Tools to quickly build a dataset that can be fed into the model

In [53]:
from torch.utils.data import Dataset

class CompletionDataset(Dataset):
    def __init__(self, features, labels):
        self.features = features
        self.labels = labels.long()

    def __len__(self):
        return self.features.shape[0]

    def __getitem__(self, index):
        return self.features[index], self.labels[index]

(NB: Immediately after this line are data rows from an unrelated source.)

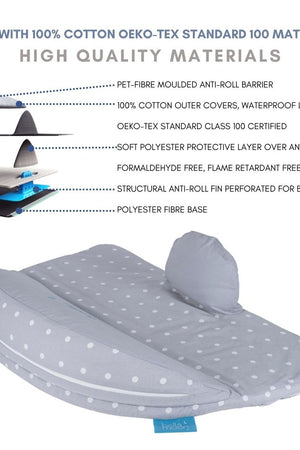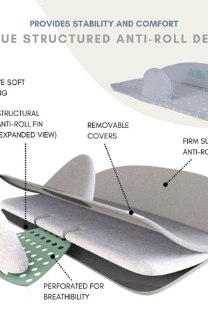 Ideal for mamas in need of some time-out to nourish their baby whilst lying down. The pillow gives you a relaxing place to feed your baby, with its unique Anti-Roll Fin and Anti-Roll Barrier giving you added support, whilst helping with your and baby's positioning.
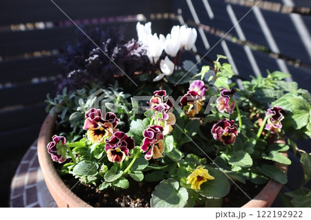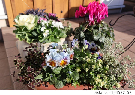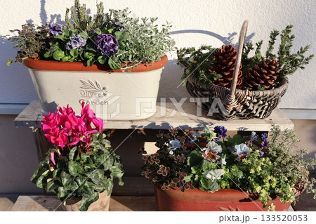 フリルビオラ、シクラメン、ハボタンの寄せ鉢
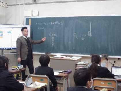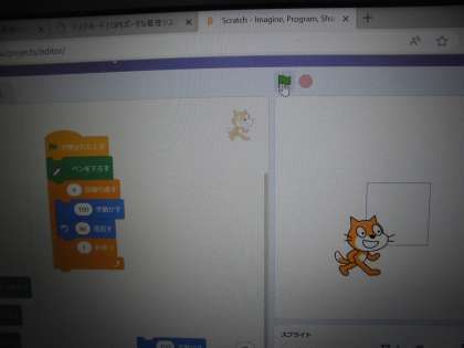 5年生 算数科では、プログラミングの授業です。児童用パソコンにある「スクラッチ」というアプリを使って正方形を描くにはどのような動きを作ればよいのかを考えました。無事に正方形を描くことができたのでしょうか!?
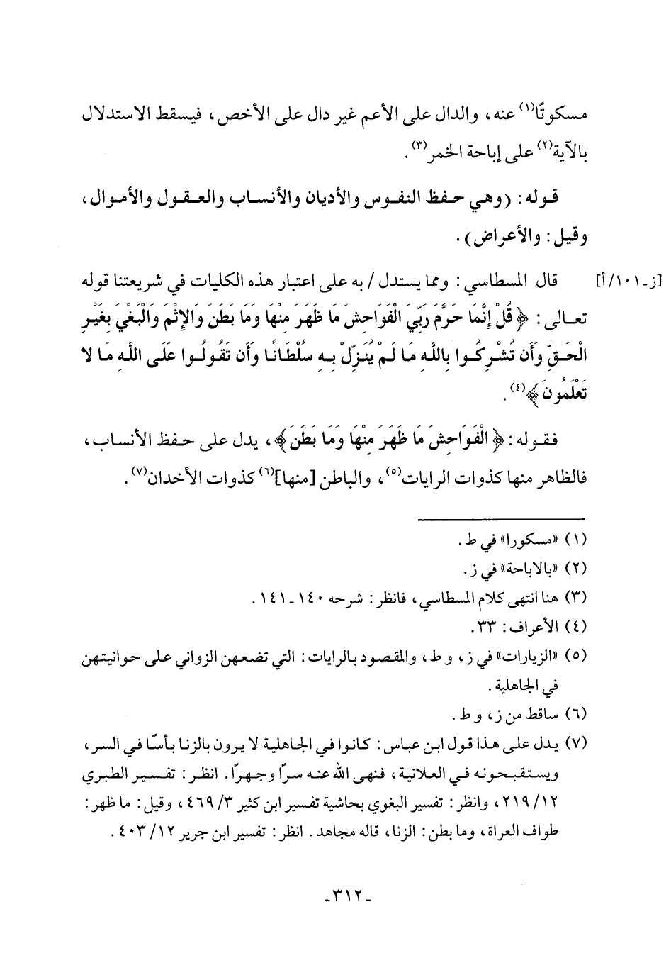قال المسطاسي: ومما يستدل به على اعتبار هذه الكليات في شريعتنا قوله تعالى: {قُلْ إِنَّمَا حَرَّمَ رَبِّيَ الْفَوَاحِشَ مَا ظَهَرَ مِنْهَا وَمَا بَطَنَ وَالْإِثْمَ وَالْبَغْيَ بِغَيْرِ الْحَقِّ وَأَنْ تُشْرِكُوا بِاللَّهِ مَا لَمْ يُنَزِّلْ بِهِ سُلْطَانًا وَأَنْ تَقُولُوا عَلَى اللَّهِ مَا لَا تَعْلَمُونَ} (¬4).

# Note: slices include features + label. So if you have context length 256, you can set slice length 257 and be fine.
def build_dataset(slices: tensor) -> CompletionDataset:    
    features = slices[:, :-1]
    labels = slices[:, -1]
    
    dataset = CompletionDataset(features, labels)
    return dataset

context_len = 16
slice_length = context_len + 1
slice_offset = slice_length

# note: slice_text returns an n by slice_length tensor of ints. (from vocab)
train_slices = [] # list of tensors
for text in train_texts:
    # train_slices.append(slice_by_line(text, context_len))
    train_slices.append(slice_text(text, slice_length, slice_offset, context_len))
    train_slices.append(slice_text(text, slice_length - 2, 1, context_len))
    train_slices.append(slice_text(text, 5, 1, context_len))
train_dataset = build_dataset(torch.cat(train_slices, dim=0))

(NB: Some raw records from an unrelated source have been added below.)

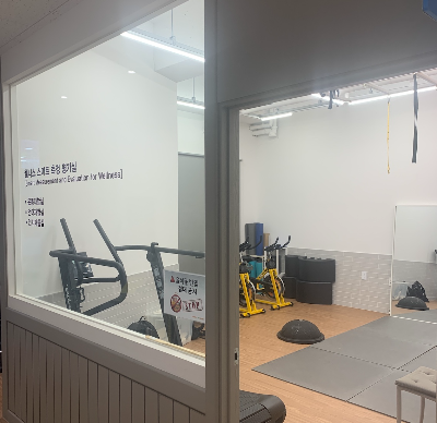 엘리베이터에서 내리자 왼쪽에 안내 데스크가 있고 안내 데스크 안으로 측정평가실, 인지실, 놀이치료실 등이 위치해 있었습니다. 안내데스크 우측으로는 감각통합실과 특수체육실이 있는데 특수체육실과 연결된 건물 밖에 인조잔디가 깔려 있는 야외 공간이 있는 점이 마음에 쏘옥~
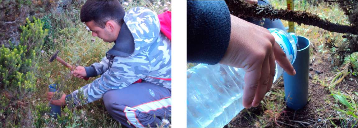 Coloca un tubo (sin su base) en el suelo y observa la rapidez con que el suelo
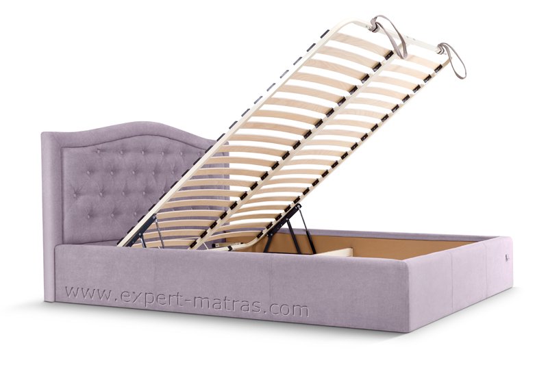 Металлическая разборная рамка с ламелями (38 шт) + обитые широкие царги (7,5 см) + подъемный механизм с двумя импортными пневмопатронами + бельевой ящик глубиной 18,5 см со спан-бондом на дне + пластиковые опоры 5 мм |
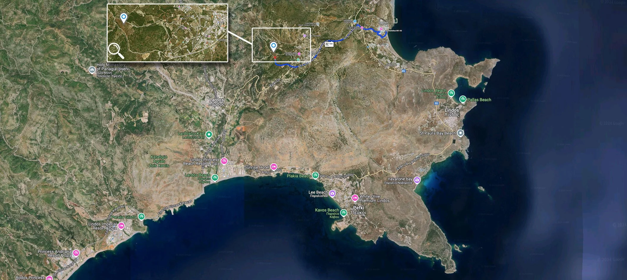 Imagine living just a short drive (5 km) from Lindos, known for its picturesque white-washed houses, the ancient acropolis with sweeping sea views, and lively dining spots. On the other side, you have Lardos, a charming town with warm-hearted locals, a lively square, traditional Greek tavernas, and an inviting beach perfect for days in the sun.
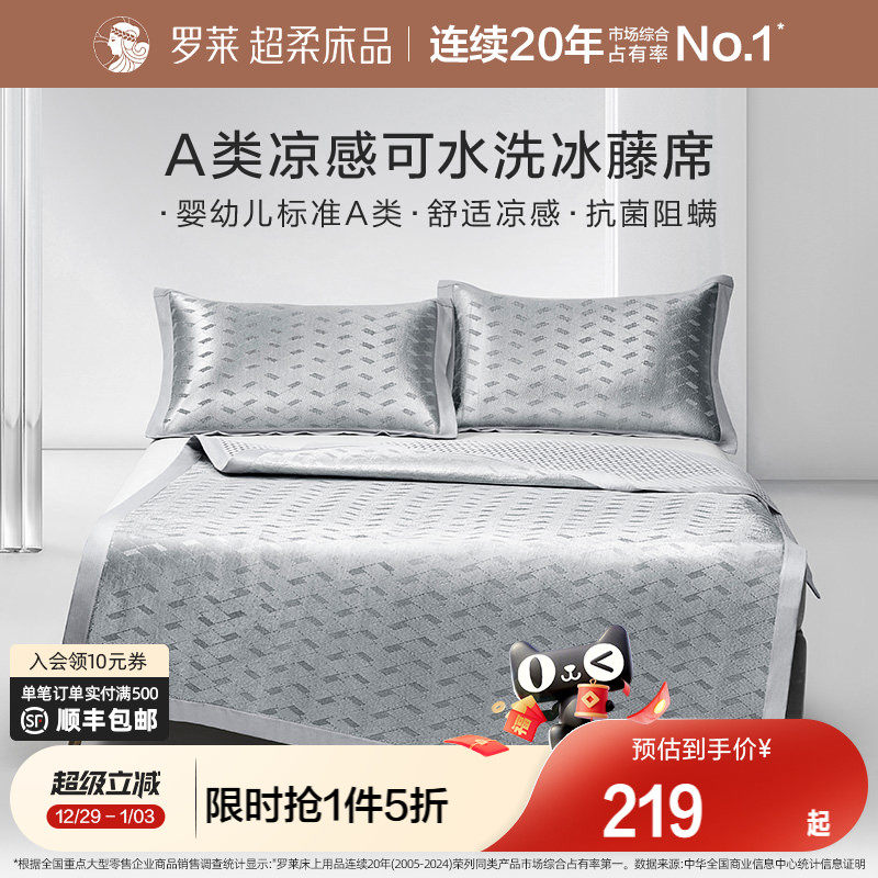 罗莱家纺凉席夏季夏凉冰丝凉席子两 三件套免水洗600D凉感冰藤席

test_slices = [] # list of tensors
for text in test_texts:
    # test_slices.append(slice_by_line(text, context_len))
    test_slices.append(slice_text(text, slice_length - 3, 1, context_len))
test_dataset = build_dataset(torch.cat(test_slices, dim=0))

In [54]:
def check_input_data(input):
    features = input[0].int().tolist()
    label = input[1].int().item()
    features_str = [reverse_vocab[f] for f in features]
    label_str = reverse_vocab[label]
    print(f"Features:\n{features_str}")
    print(f"Label:\n{label_str}")

check_input_data(test_dataset[0])
check_input_data(train_dataset[0])
len(test_dataset)

Features:
['<PAD>', '<PAD>', '<PAD>', 'MUCH', 'ADO', 'ABOUT', 'NOTHING', '\n\n', 'by', 'William', 'Shakespeare', '\n\n\n\n\n', 'DRAMATIS', 'PERSONAE', '\n\n', 'DON']
Label:
PEDRO
Features:
['The', 'Complete', 'Works', 'of', 'William', 'Shakespeare', '\n\n', 'by', 'William', 'Shakespeare', '\n\n\n\n\n                    ', 'Contents', '\n\n    ', 'THE', 'SONNETS', '\n    ']
Label:
ALL


32167

Initialize model. Output dict size is the size of the final layer.

In [55]:
dictionary_len = len(vocab)
model = TransformerNetwork(num_layers=4, model_dim=256, att_heads=4, ff_hidden_dim=1024, context_len=context_len, output_dict_size=dictionary_len)
model.to(device)
print(f"dictionary_len: {dictionary_len}")

loss_func = torch.nn.CrossEntropyLoss()
# optimizer = torch.optim.SGD(model.parameters(), lr=0.01)
optimizer = torch.optim.Adam(model.parameters(), lr=0.001)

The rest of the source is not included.